There is an urgent need to develop new antibiotics due to the increasing resistance of bacteria to the current antibiotics. Antibiotic resistance is particularly problematic with Gram-negative bacteria due to the presence of an additional outer membrane, which, in combination with multidrug efflux pumps, represents an efficient barrier against most antimicrobial compounds [1]. Many antimicrobial peptides (AMPs) show strong activities against multidrug-resistant Gram-negative bacteria [2,3,4,5,6,7,8,9]. Most AMPs act by directly disrupting the bacterial outer membrane and sometimes the inner membrane, and have therefore been investigated as permeabilizing agents for other antibiotics. These are typically antibiotics that act on intracellular targets on Gram-positive bacteria but are inactive on Gram-negative bacteria due to lack of cell penetration, leading to synergistic effects [10,11,12,13,14,15,16,17,18,19,20,21,22,23,24,25,26,27,28,29,30].

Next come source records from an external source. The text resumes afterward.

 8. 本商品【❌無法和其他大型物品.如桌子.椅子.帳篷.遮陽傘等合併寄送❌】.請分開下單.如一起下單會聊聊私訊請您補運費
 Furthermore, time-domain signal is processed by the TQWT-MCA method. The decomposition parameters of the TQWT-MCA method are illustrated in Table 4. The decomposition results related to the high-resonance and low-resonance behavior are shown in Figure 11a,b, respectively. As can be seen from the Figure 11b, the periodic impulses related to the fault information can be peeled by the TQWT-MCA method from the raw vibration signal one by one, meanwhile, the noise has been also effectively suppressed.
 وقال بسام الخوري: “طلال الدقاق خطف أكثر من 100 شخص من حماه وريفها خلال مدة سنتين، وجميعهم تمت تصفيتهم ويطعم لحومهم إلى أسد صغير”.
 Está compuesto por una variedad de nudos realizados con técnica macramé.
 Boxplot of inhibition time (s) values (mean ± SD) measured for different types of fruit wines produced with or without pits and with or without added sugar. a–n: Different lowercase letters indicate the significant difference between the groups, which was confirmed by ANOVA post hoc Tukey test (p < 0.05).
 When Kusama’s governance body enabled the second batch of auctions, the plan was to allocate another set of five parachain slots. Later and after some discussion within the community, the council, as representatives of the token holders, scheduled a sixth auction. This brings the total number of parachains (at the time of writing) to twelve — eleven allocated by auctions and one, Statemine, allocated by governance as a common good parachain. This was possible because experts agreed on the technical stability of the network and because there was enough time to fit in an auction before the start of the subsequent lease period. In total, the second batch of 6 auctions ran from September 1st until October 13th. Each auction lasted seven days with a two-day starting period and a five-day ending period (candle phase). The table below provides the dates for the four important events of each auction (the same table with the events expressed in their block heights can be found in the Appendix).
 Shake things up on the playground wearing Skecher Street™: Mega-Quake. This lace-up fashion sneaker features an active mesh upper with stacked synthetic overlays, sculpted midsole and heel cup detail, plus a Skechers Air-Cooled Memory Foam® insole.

Herein, we report our investigation of possible synergistic effects between antibiotics and peptide dendrimer G3KL as a membrane permeabilizing agent (Figure 1). G3KL is an antimicrobial peptide dendrimer discovered by optimizing an initial combinatorial library hit [31] by sequence design, and exhibiting remarkable activity against Gram-negative bacteria such as Pseudomonas aeruginosa, Acinetobacter baumannii, and Escherichia coli including multidrug-resistant clinical isolates, but no activity against Klebsiella pneumoniae or methicillin-resistant Staphylococcus aureus (MRSA) [32,33]. G3KL selectively disrupts bacterial versus mammalian membrane models as evidenced by vesicle leakage assays [32], displaying pro-angiogenic properties in biological burn-wound bandages [34], anti-biofilm activity [35,36], low toxicity to mammalian cells (IC50 ~1000 μg/mL) [37], and low propensity to resistance development [38]. Our study was motivated by our recent observation that G3KL acts as a rapid membrane permeabilizer and strong membrane disruptor of bacterial cells. In this study, we show that G3KL destabilizes the LPS (lipopolysaccharide) layer, disrupts the outer and the inner membranes, interacts with DNA, and accumulates in Gram-negative bacteria up to an amount of dendrimer corresponding to 10% of the bacterial weight [37].

Figure 1

Structural formula of antimicrobial compounds used in this study.

2. Results and Discussion

2.1. Membrane Permeabilization and Synergy with Propidium Iodide

We previously showed that G3KL permeabilizes the outer and inner membranes of P. aeruginosa cells using fluorescence microscopy and propidium iodide (PI), a fluorogenic DNA-binding dye, which is impermeable to intact cell membranes [37]. Permeabilization of bacterial membranes by G3KL might enable entry of potent antibacterial compounds at sub-inhibitory concentrations of G3KL and the cytotoxic compound. To test the feasibility of this approach and possible synergy between antimicrobials and G3KL, we used the classical checkerboard assay and stained live bacteria with 3-(4,5-dimethylthiazol-2-yl)-2,5-diphenyltetrazolium (MTT) (Figure 2) [32,39,40]. Synergy is a positive interaction in which the effect of the combined drugs is greater than when they are used alone. An additive effect indicates that the effects of the drugs used together are the same as when used independently. An indifferent effect is observed when the combination of the drugs is as efficient as the most potent drug alone. Antagonism is a negative effect observed when the combined effect of the drugs is significantly less than expected [41,42]. Interpretation of the fractional inhibitory concentration index (FICi) was followed as described by Park et al. [43]. We considered a synergistic effect for FICi < 0.5; partial synergy for 0.5 ≤ FICi < 1; additive for FICi = 1; indifferent for 1 < FICi < 4; antagonism for FICi ≥ 4.

Figure 2

Checkerboard microtiter plate assay testing the combination of G3KL with PI in P. aeruginosa PAO1 (A) and vancomycin with G3KL in K. pneumoniae NCTC 418. (B) 2D two-fold serial dilutions were performed starting with 500 µg/mL of PI, 256 µg/mL of vancomycin, and 8 or 64 µg/mL of G3KL. The viability of the bacteria was revealed after the addition of 3-(4,5-dimethylthiazol-2-yl)-2,5-diphenyltetrazolium (MTT) dye (black wells). Red circle: FICi of synergistic effect; yellow circles: FICi of partial synergy; green circles: MIC values of G3KL, PI, and vancomycin.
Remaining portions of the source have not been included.